Люди эти переселялись в другие, построенные повыше лачуги.
Эта весть как бы отрезвила мужчину. Он быстрым шагом пошел вдоль реки – все его работники, живущие в Нейнфельде, были в опасности.
Он вгляделся в то, что несла в своих водах разлившаяся река: вот дверь, за ней, между поленьями дров, балки, драницы крыш…
А тихая луна льет свои серебряные лучи на эту мрачную картину.
На нейнфельдской башне пробило девять. Проплутав четыре часа, братья подошли к мосту. Студент от усталости был близок к обмороку. Вдруг на противоположном берегу показался Зиверт. Он махал руками и что-то кричал, но за шумом плотины ничего нельзя было разобрать.
В то время как горный мастер остановился, силясь расслышать слова старика, студент нетерпеливо ступил на мост и пошел далее.
Крики старика усилились, он как безумный замахал руками, и в эту минуту раздался треск, проносившиеся балки ударились о сваи, те стали погружаться в воду; волны в один момент разнесли подгнившие подпорки моста, и студент исчез в неистовой пляске досок, балок и деревьев.
Горный мастер бросился за ним.
Ослабленный болезнью, молодой человек погибал в стремительном потоке.

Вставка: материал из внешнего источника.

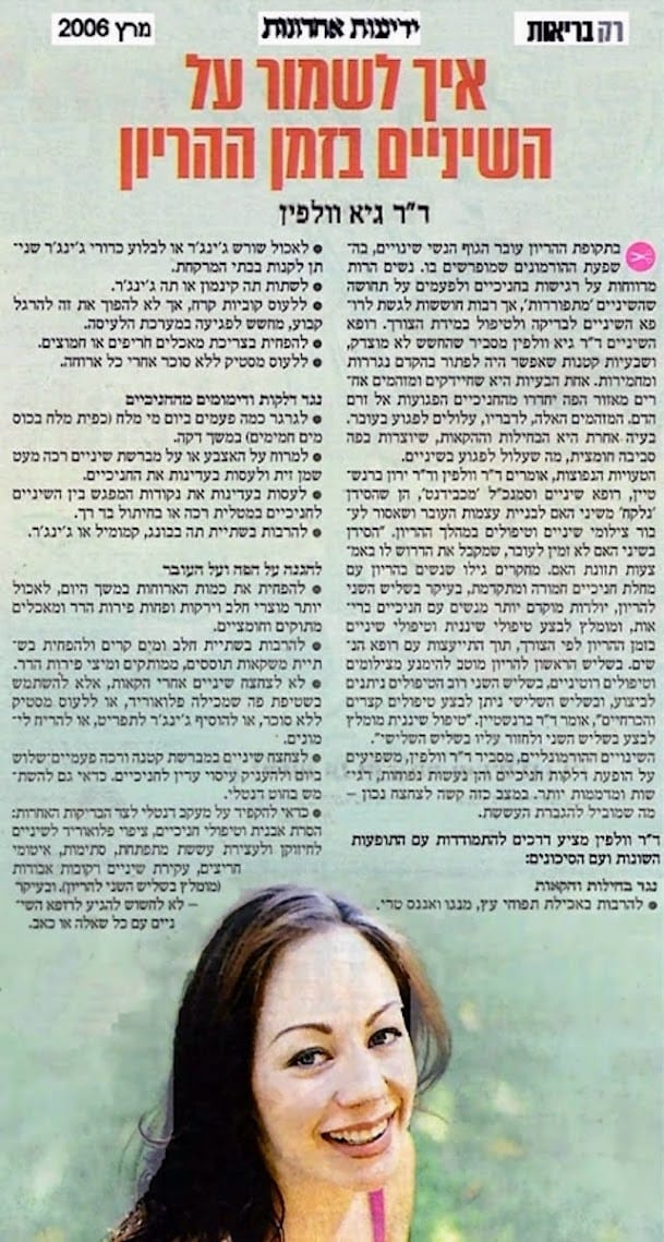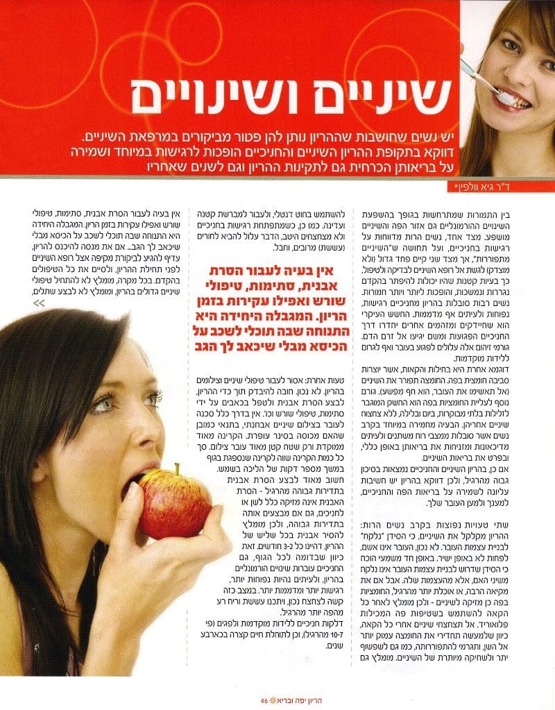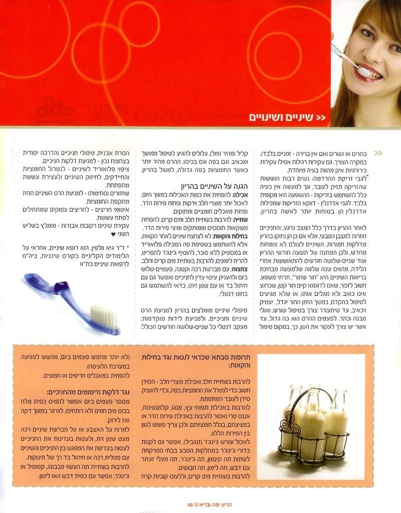מאמר זה התפרסם במוסף הבריאות של עיתון "ידיעות אחרונות" , במגזין "נולדים", ובאתרי אינטרנט רבים ביניהם: ynet doctors "ואללה" "רפואה" mamy academics.co.il articles.co.il infodoc www.e-dent.co.il,BEOK stips YOFI tooth, "תחושת בטן", בידיעון "אם המושבות" ובאתרים רבים נוספים.

Даже такой сильный мужчина, как смотритель завода, не мог противостоять напору воды: дважды он напрасно протягивал руку несчастному, но их неумолимо несло к плотине. Наконец Теобальду удалось схватить брата. Но тут случилось самое ужасное: студент как бы обезумел: он не узнавал своего спасителя, отбивался от него, защищаясь от спасающей руки с таким же отчаянием, как и от готовых поглотить его волн.
Но, тем не менее, они приближались к берегу. Последним, титаническим усилием мастер вытолкнул брата на берег, где Зиверт поймал его за руку и вытащил из воды.
Именно в этом месте река была наиболее глубока, а берег возвышался фута на три над поверхностью воды.
Последнее движение, которым он выбросил на берег брата, откинуло его самого на середину реки. И снова началась борьба, теперь уже за собственную жизнь. Или не дорога уже ему была эта жизнь, или действительно силы изменили ему, но молодой человек вдруг исчез.
Зиверт в отчаянии метался по берегу, заламывал руки и звал тонущего. И вдруг высоко над водой мелькнуло бледное как смерть лицо, руки сделали как бы прощальный жест. Старый солдат клятвенно утверждал всю оставшуюся жизнь, что видел улыбку на этом лице. «Прощай, Бертольд!» – разнеслось над водой.
Доски и палки сомкнулись над местом, где погибли молодость, красота и честное, мужественное сердце. Старый солдат стоял на берегу, не в силах оторвать глаз от мчавшейся водной массы, у плотины он вновь заметил взмах рук, затем все с грохотом исчезло в глубине…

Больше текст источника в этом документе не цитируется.